Потому что на самом деле мне не нужно было напоминать, что это за бумажка и откуда она взялась.
— Я сначала тоже долго не мог понять, что же это такое, — сказал Гай, усаживаясь напротив меня. — Но меня... не покидало ощущение, что я уже где-то видел подобное. Или слышал что-то такое. Ты знаешь... — он задумчиво почесал щеку, явно стараясь подбирать правильные слова, — знаешь, что я с огромным... уважением отношусь к своей работе. И считаю, что она — честная и очень важная. Без палача добро и зло в этом мире не имеют никакого значения, поскольку некому наказать злого и подарить доброму ощущение справедливости — так говорил мой учитель, мастер Антоний. А он был достойнейшим представителем профессии, в отличие от этих молодых остолопов, которые надели черное лишь для того, чтобы удовлетворить какие-то свои... нездоровые потребности.
— К чему ты это?..
— Сегодня ночью я вдруг вспомнил одну историю, которую рассказывал мне мастер. О том, как в давние времена, когда палачи были истинным воплощением справедливости, они нумеровали людей, приговоренных к смертной казни. Сегодня я был в библиотеке и нашел письменное упоминание об этой традиции. Считалось, что имена приговоренных забирал на свой алтарь великий Нергал — бог возмездия. Поэтому вместо имен им оставались только номера, под которыми их внесли в приказ.
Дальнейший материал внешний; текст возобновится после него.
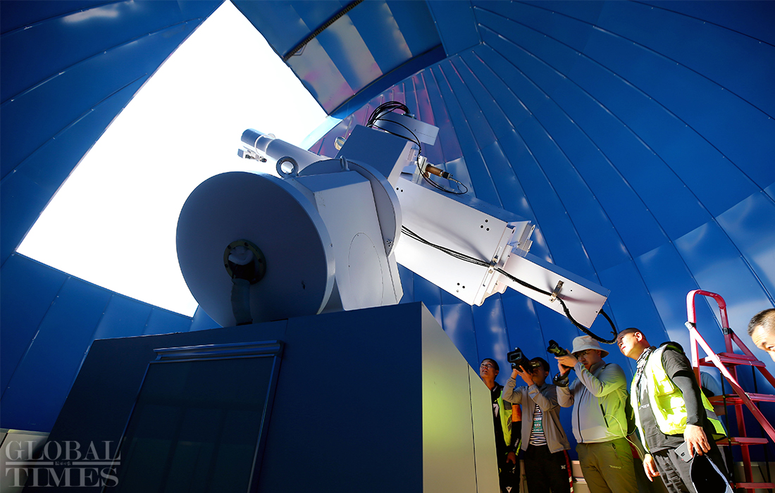People visit one among the two of China's solar magnetic field observatory telescopes in Wenquan county. Photo: Yang Hui/GT figcaption >

Я почувствовал, как зашевелились волосы на моем затылке. Спокойно, Даня. Главное — спокойно!
— Ты понимаешь, о чем я говорю? — спросил Гай, внимательно глядя мне в лицо.
— Интересная история, — ответил я, сохраняя невозмутимое выражение лица.
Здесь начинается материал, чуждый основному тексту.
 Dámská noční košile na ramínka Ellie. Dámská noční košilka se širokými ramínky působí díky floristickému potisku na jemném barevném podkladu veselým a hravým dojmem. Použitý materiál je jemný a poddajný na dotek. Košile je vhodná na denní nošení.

— История-то действительно интересная, — усмехнулся мастер Гай. — Но вот это, — он бережно взял в руки неровно высохшую бумажку с написанной на ней цифрой. — это уже не история. А реальность.
— Ты всерьез думаешь, что это как-то связано с той древней традицией? — отчаянно косил я под дурачка.
— Я думаю, все это каким-то образом связано с тобой, — ответил Гай, все так же пристально глядя мне в глаза.
Я фыркнул.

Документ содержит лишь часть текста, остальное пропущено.